Dynamic dune management, integrating objectives of nature development and coastal safety: Examples from the Netherlands
Introduction
45,000 ha of coastal dunes in the Netherlands comprise multifunctional landscapes. With a hinterland situated below sea level, the importance of dunes with respect to protection against flooding is obvious. Also, large parts of the dunes are used for the production of drinking water. The importance of these functions always has been acknowledged in the past. As a result, the coastal dune landscape is relatively undeveloped and presently represents important values for nature conservation and recreation.
Past management of coastal dunes in the Netherlands was primarily concerned with erosion control (Klijn, 1990). The traditional strategy to counteract erosion and land loss was to stabilise foredunes as much as possible, and to suppress dynamic processes which would mobilise dunes and cause sand “loss” from the foredune system. The result was a rather artificial dune ridge (Arens and Wiersma, 1994), separating a more or less natural but mostly stabilised dune system from the dynamics of beach and sea. Because of this artificial obstruction, the exchange of sand between the beach and the more extensive dune environment was limited or non-existent. The stabilisation strategies were amplified by numerous other environmental stresses (Fig. 1) over the last century. The Dutch coastal dunes, as many other dune systems in northwestern Europe (Kooijman, 2004, Provoost et al., 2011), suffered from overstabilisation, resulting in a serious decrease in pioneer stages and biodiversity in general. Many of the factors that favour dune mobility (Fig. 1) have declined in importance over the last century, whereas factors favouring stability became dominant (Arens et al., 2007, Arens et al., in press).

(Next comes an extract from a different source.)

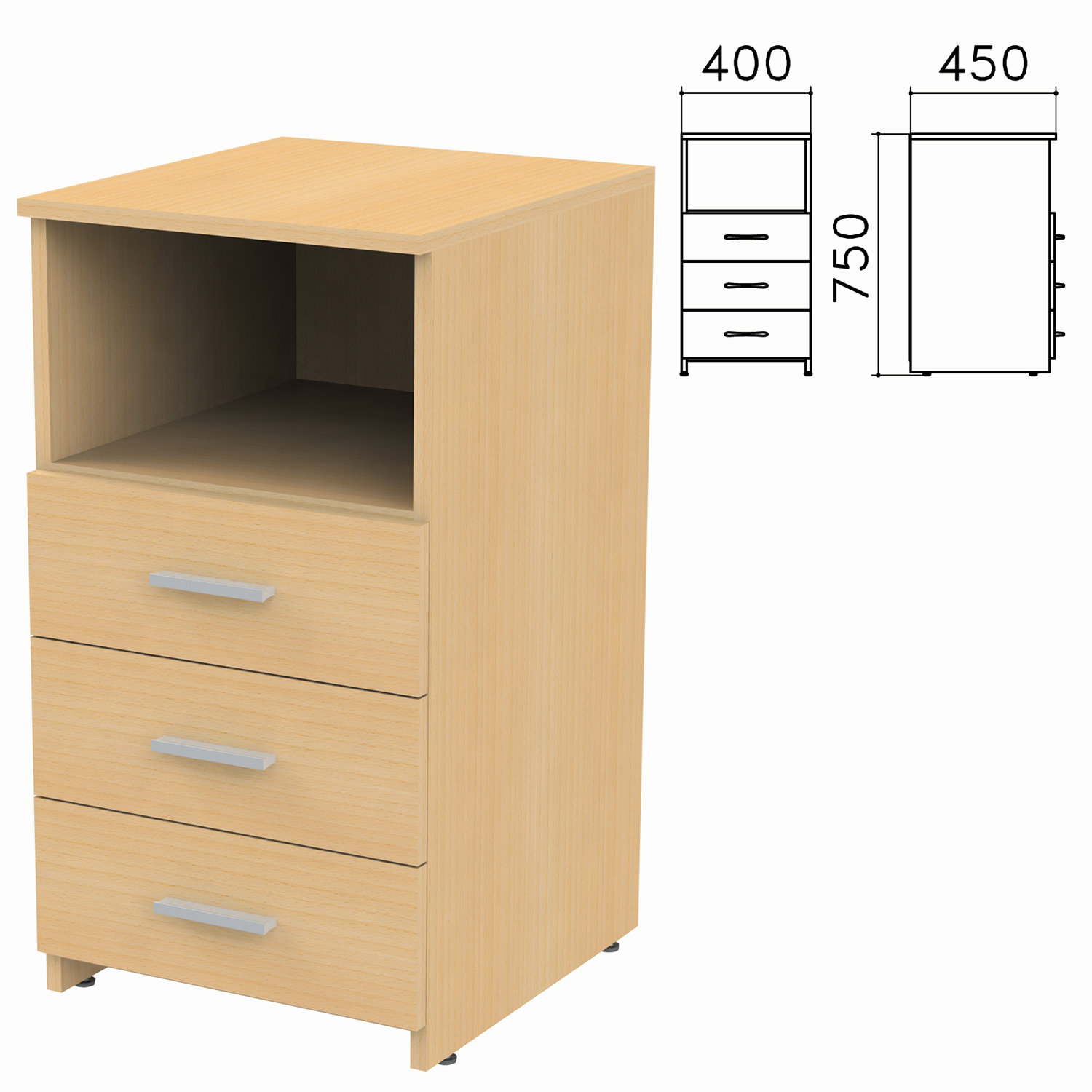 - Тумба приставная "Канц", 400х450х750 мм, 3 ящика, полка, цвет бук невский, ТК31.10

Since the 1970s, an increasing awareness of ecological values of young and dynamic systems led to a changed focus in nature management (e.g. Van Dorp et al., 1985, Geelen et al., 1995, Van Boxel et al., 1997, Martinez et al., 2004). By the 1980s, most of the dunes were fully covered by vegetation. Awareness grew that these circumstances were a threat for biodiversity, especially since pioneer stages became rare and vegetation development in many regions approached climax conditions (van Dorp et al., 1985). Interest for remobilisation of dunes increased, and, in the 1990s, the decreasing ecological value of the dunes contributed to the first development of plans for restoration of dune mobility (Geelen et al., 1995, Terlouw and Van der Bijl, 1999).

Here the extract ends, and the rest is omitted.